Atypical Presentations and Variants

• Weakness may be asymmetrical or predominantly proximal/distal 1
• Weakness can start in legs, arms, or simultaneously in all limbs 1
• Severe pain or isolated cranial nerve dysfunction may precede weakness 1
• Miller Fisher syndrome: ophthalmoplegia, ataxia, and areflexia (5-25% of cases) 1
• Pure motor variant: weakness without sensory signs (5-70% of cases) 1
• Other variants: pharyngeal-cervical-brachial, paraparetic, bilateral facial palsy, pure sensory 1

Warning Signs (Features Casting Doubt on Diagnosis)

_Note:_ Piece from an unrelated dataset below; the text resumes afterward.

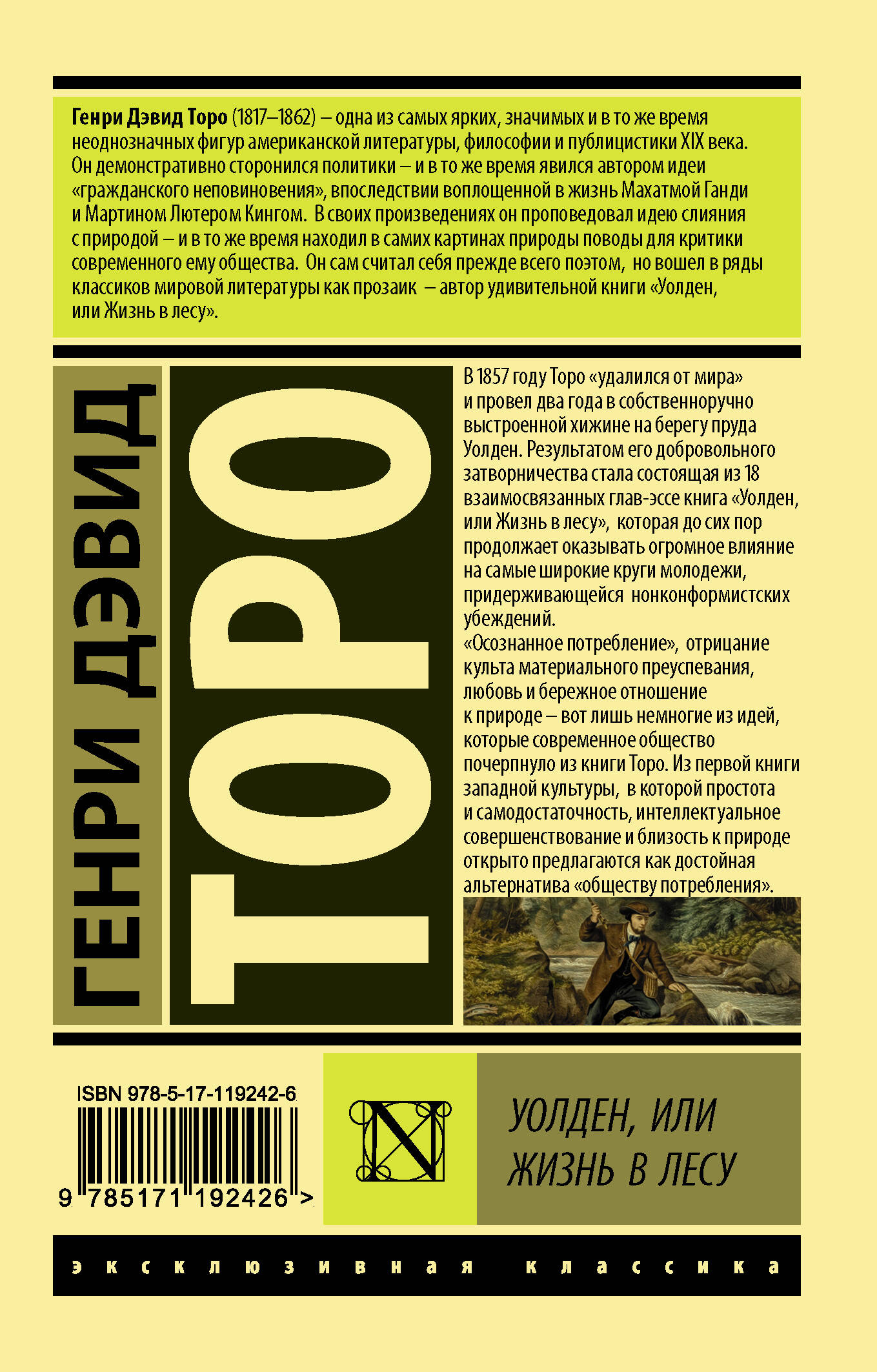 "Осознанное потребление", отрицание культа материального преуспевания, любовь и бережное отношение к природе — вот лишь немногие из идей, которые современное общество почерпнуло из книги Торо. Из первой книги западной культуры, в которой простота и самодостаточность, интеллектуальное совершенствование и близость к природе открыто предлагаются как достойная альтернатива "обществу потребления".

• Marked pleocytosis in CSF (>50 cells/μl) 1
• Persistent asymmetry of weakness 1
• Bladder/bowel dysfunction at onset 1
• Severe respiratory dysfunction with limited limb weakness at onset 1
• Fever at onset 1
• Nadir <24 hours or progression >4 weeks 1
• Sharp sensory level suggesting spinal cord injury 1
• Hyperreflexia or extensor plantar responses 1

Diagnostic Algorithm

Step 1: Clinical Assessment

• Document pattern and progression of weakness 1
• Assess tendon reflexes 1
• Evaluate for sensory symptoms 1
• Check for cranial nerve involvement 1
• Look for signs of autonomic dysfunction 1
• Inquire about preceding events (infections within 6 weeks) 1

Step 2: Laboratory Investigations

• Complete blood count, glucose, electrolytes, kidney function, liver enzymes (to exclude other causes) 1
• Anti-ganglioside antibody testing:
  • Limited value in typical GBS but may help when diagnosis is uncertain 1
  • Anti-GQ1b antibodies have greater diagnostic value in suspected Miller Fisher syndrome (present in up to 90% of cases) 1

Step 3: Cerebrospinal Fluid Examination

• Look for albumino-cytological dissociation (elevated protein with normal cell count) 1
• Important note: Normal protein levels do not rule out GBS (30-50% normal in first week, 10-30% normal in second week) 1
• Mild pleocytosis (10-50 cells/μl) is compatible but should prompt consideration of alternative diagnoses 1

Step 4: Electrodiagnostic Studies

• Not required for diagnosis but recommended to support it, particularly in atypical presentations 1
• Typical findings: reduced conduction velocities, reduced sensory and motor evoked amplitudes, abnormal temporal dispersion, partial motor conduction blocks 1
• "Sural sparing pattern": normal sural sensory nerve action potential with abnormal median and ulnar sensory nerve action potentials 1
• Note: Studies may be normal early in disease course (within 1 week of onset) or in certain variants 1
• Consider repeat studies 2-3 weeks later if initial results are normal but clinical suspicion remains high 1

Step 5: Imaging (in Selected Cases)

• MRI or ultrasound imaging should be considered in atypical cases 2

Important Diagnostic Considerations

Timing of Symptom Progression

• Classic GBS: progressive phase lasts from days to 4 weeks (usually <2 weeks) 1
• If maximum disability is reached within 24 hours or after 4 weeks, consider alternative diagnoses 1
• Consider changing diagnosis to acute-onset chronic inflammatory demyelinating polyradiculoneuropathy (A-CIDP) if progression continues after 8 weeks from onset (occurs in approximately 5% of patients initially diagnosed with GBS) 2, 3

Diagnostic Pitfalls to Avoid

• Relying solely on CSF protein levels (may be normal early in disease) 1
• Waiting for antibody test results before initiating treatment 1
• Dismissing diagnosis due to normal initial electrodiagnostic studies 1
• Failing to recognize atypical presentations, especially in young children who may present with nonspecific features (pain, refusal to bear weight, irritability) 1
• Missing treatment-related fluctuations (TRFs), which occur in a minority of patients and may be confused with disease progression 3

By following this structured diagnostic approach, clinicians can accurately diagnose GBS and its variants, allowing for prompt treatment initiation which is crucial for improving outcomes 2, 4.